To use SQLAlchemy to connect to Singdata Lakehouse, you first need to install the clickzetta-sqlalchemy package in your Python environment. Use the following command to install (ensure the current environment does not have clickzetta-sqlalchemy and clickzetta-connector installed; uninstall them first if needed to avoid dependency conflicts):

pip uninstall -y clickzetta-sqlalchemy clickzetta-connector && pip install clickzetta-connector -U

Configure Connection Parameters

When using SQLAlchemy to connect to Singdata Lakehouse, you need to provide the correct connection parameters. The format of the connection parameters is as follows:

clickzetta://<user_login_name>:<password>@<instance_name>.<region_id>.api.singdata.com/<workspace_name>?schema=<target_schema>&virtualcluster=<your_vcluster_name>

The meanings of each parameter are as follows:

  • <user_login_name>: Your Singdata Lakehouse login username.
  • <password>: Your Singdata Lakehouse login password.
  • <instance_name>: Your Singdata Lakehouse instance name.
  • <region_id>: The cloud provider and region code for the service instance, e.g. cn-shanghai-alicloud. See Supported Cloud Platforms for all region IDs.
  • <workspace_name>: Your Singdata Lakehouse workspace name.
  • <target_schema>: The name of the target schema you wish to access.
  • <your_vcluster_name>: The name of your virtual cluster.

Connection Example:

clickzetta://Alice:xxxx@1a2b3c4d.cn-shanghai-alicloud.api.singdata.com/myworkspace?schema=public&virtualcluster=default_vc

Using Apache Superset to Connect to Singdata Lakehouse

In this section, we will introduce how to use Apache Superset to connect to Singdata Lakehouse for data queries and BI analysis.

Prerequisites

  • Ensure that the clickzetta-sqlalchemy package has been successfully installed.
  • Ensure that Apache Superset has been successfully installed and started.

Configure the Connection

  1. Open Apache Superset and go to the database list page.
  2. Click the "Add Database" button in the upper right corner and select "Other" database type.
  3. In the "SQLALCHEMY URI" field, fill in the Singdata Lakehouse connection parameters configured above.
  4. Click "Test Connection" to ensure the connection is successful.

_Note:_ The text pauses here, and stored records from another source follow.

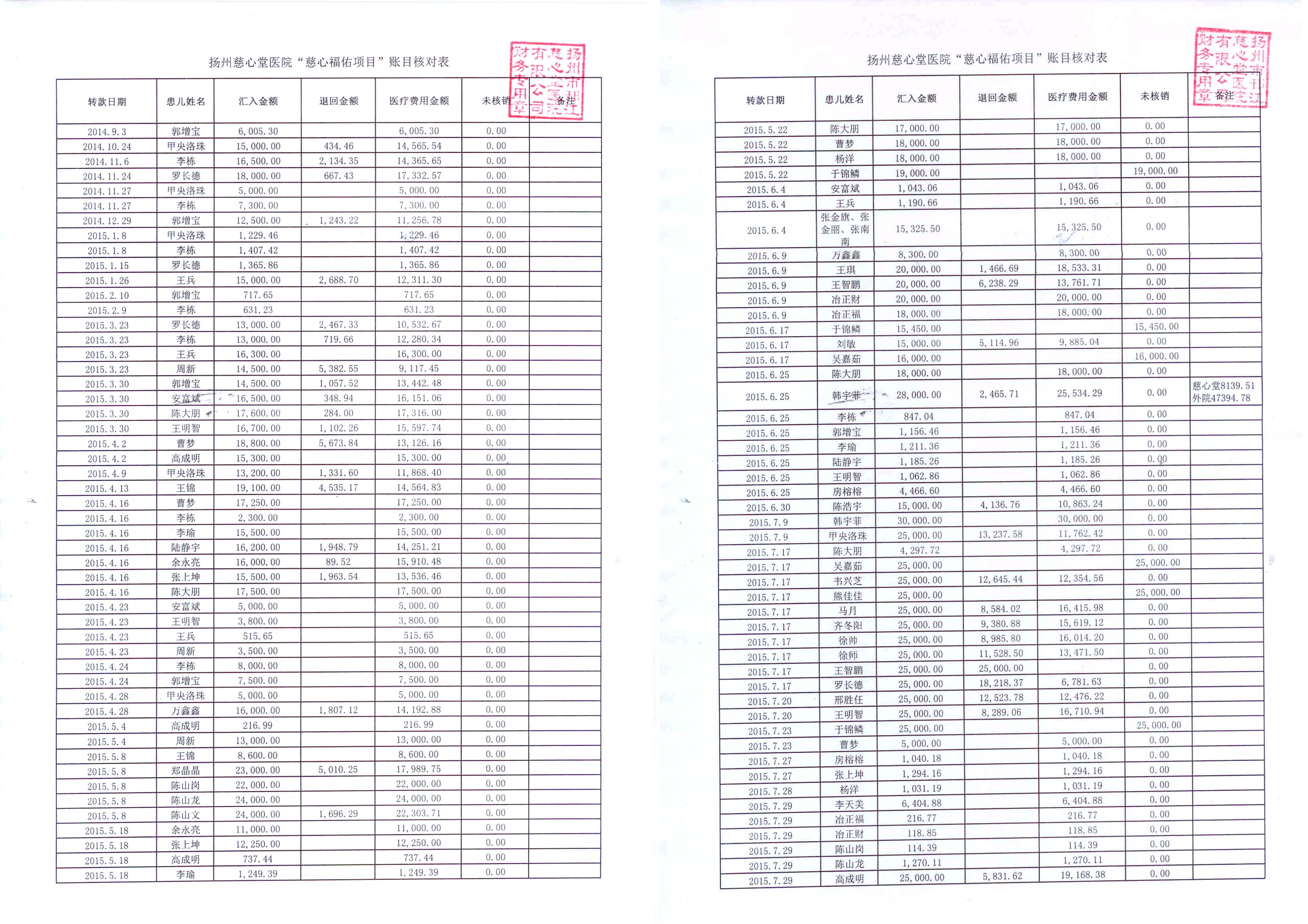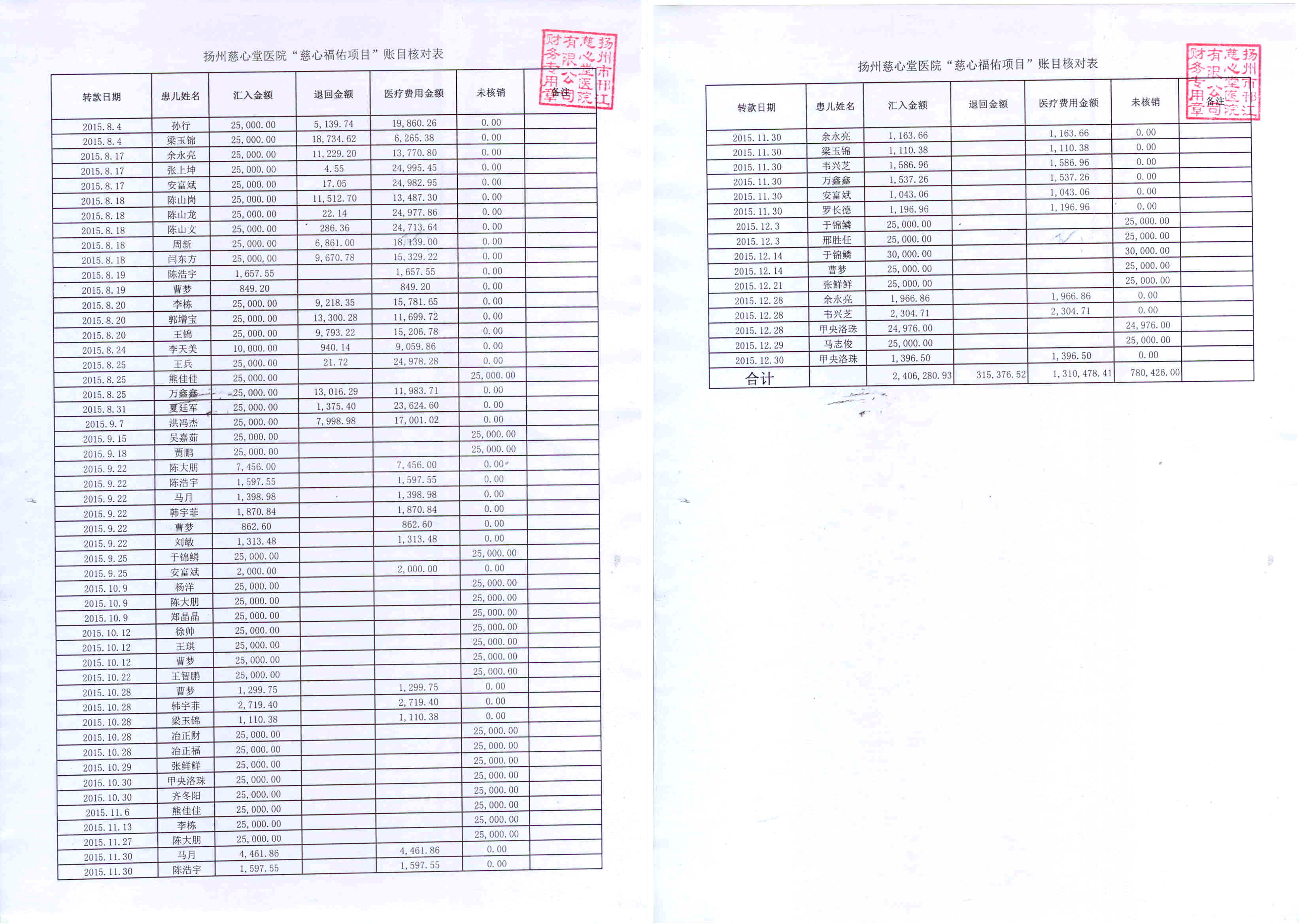 扬州慈心堂医院“9958慈心福佑公益基金”账目核对表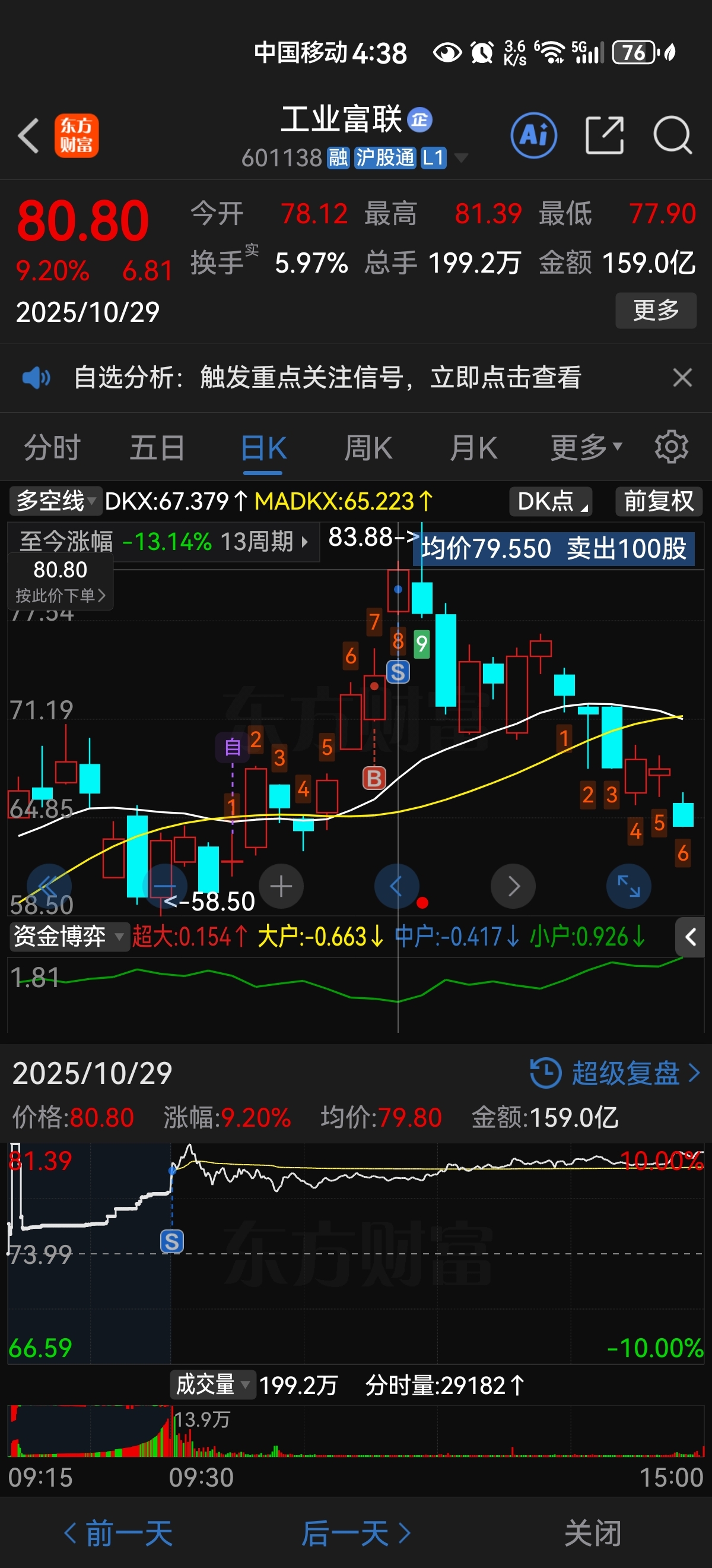 上次79。.55卖的明天要是高开我直接追进来低开狗都不看了,昨天把钱农业银行了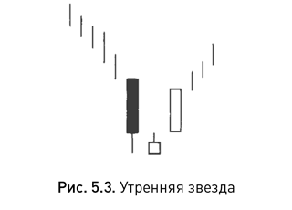 Как самая яркая звезда на утреннем небосклоне – планета Меркурий – предвещает восход солнца, так и модель утренняя звезда сигнализирует о грядущем повышении цен (см. рис. 5.3). Она является сигналом разворота в основании и состоит из свечи с длинным черным телом, за которой с гэпом вниз идет свеча с маленьким телом (эта комбинация представляет собой основную часть модели), а за ней – свеча с белым телом, перекрывающим значительную часть черного тела первого дня.
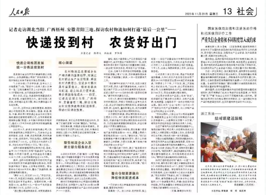 農(nóng)村物流是連接城鄉(xiāng)生產(chǎn)和消費的重要紐帶,對滿足農(nóng)村群眾生產(chǎn)生活需要、釋放農(nóng)村消費潛力、促進鄉(xiāng)村振興具有重要意義。抱團發(fā)展共同配送、建立站點方便寄遞、整合資源降低成本……日前,記者走訪湖北當(dāng)陽、廣西梧州、安徽青陽三地,探訪當(dāng)?shù)厝绾瓮晟瓶爝f物流配送體系,帶動村民增收致富。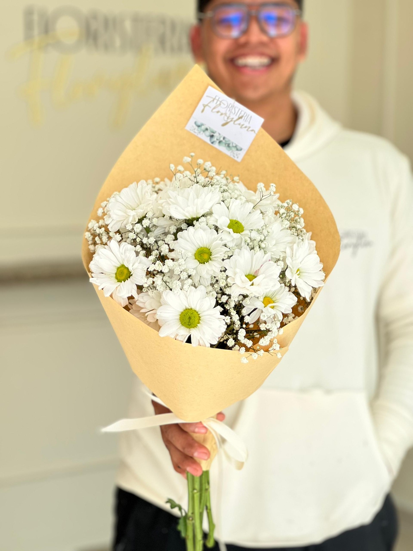 Mezcla de rosas blancas , estrellas de belen, gipsofilias, toques de eucalipto y follaje sutil.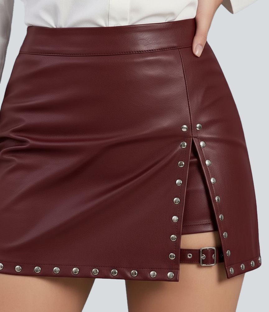 Mid Rise Studded Fleece PU Leather Micro Mini Skirt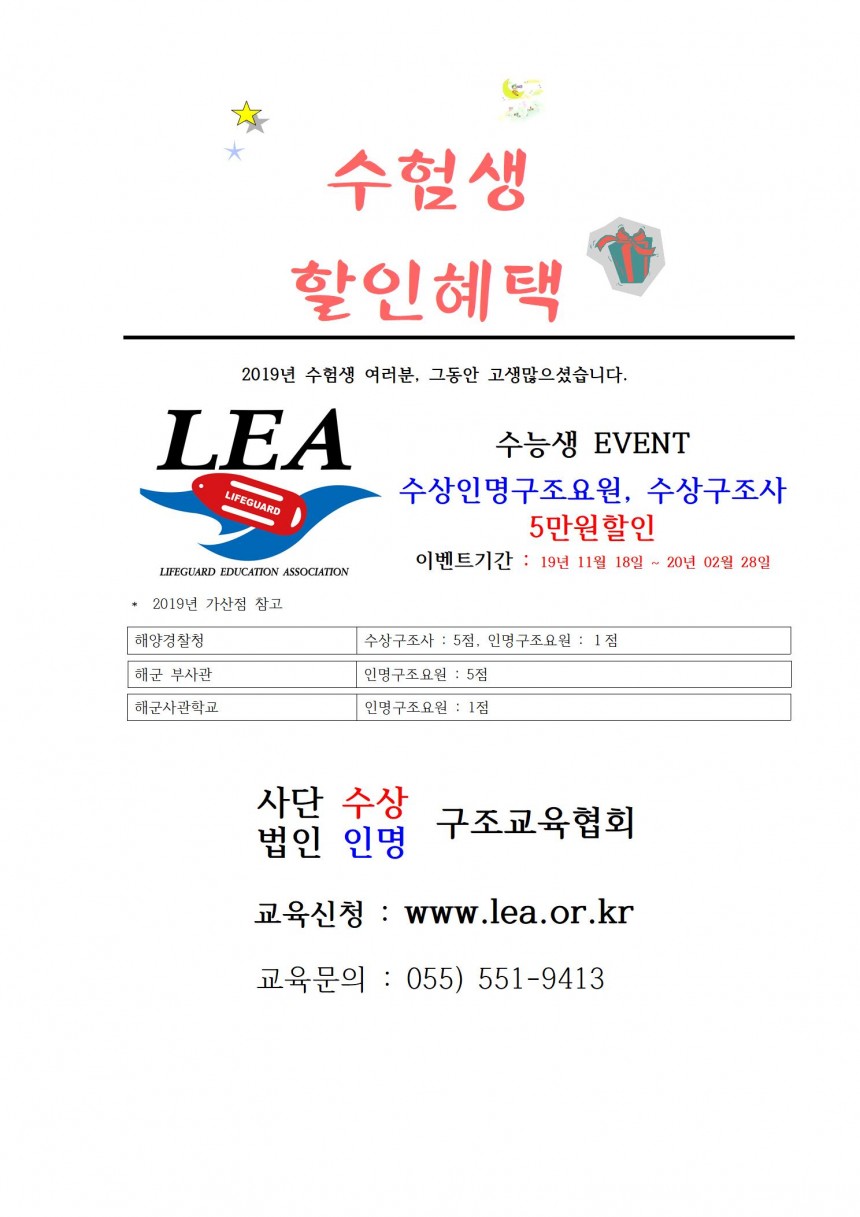 공지 수험생 이벤트 페이지 정보 작성자 관리자 댓글 0건 조회 4,627회 작성일 19-10-29 10:34 본문 2019년 수험생 할인혜택 목록 이전글2020 (사)수상인명구조교육협회 교육 세미나 개최 19.12.19 다음글해군사관학교 가산점안내 19.10.23

Data Query and BI Analysis

Once the connection is successful, you can use Apache Superset for data queries and BI analysis. For example:

  1. Create a new dashboard and add chart components.
  2. In the chart configuration page, select the Singdata Lakehouse database connection that was just configured.
  3. Write SQL query statements, for example:

SELECT orders.order_id, orders.customer_id, orders.order_date, orders.total FROM orders WHERE orders.order_date BETWEEN '2022-01-01' AND '2022-12-31';

  1. Click "Execute Query" to view the query results.
  2. Adjust the chart style and configuration as needed to complete the BI analysis.

By following the above steps, you can easily use Apache Superset to connect to Singdata Lakehouse for data querying and BI analysis.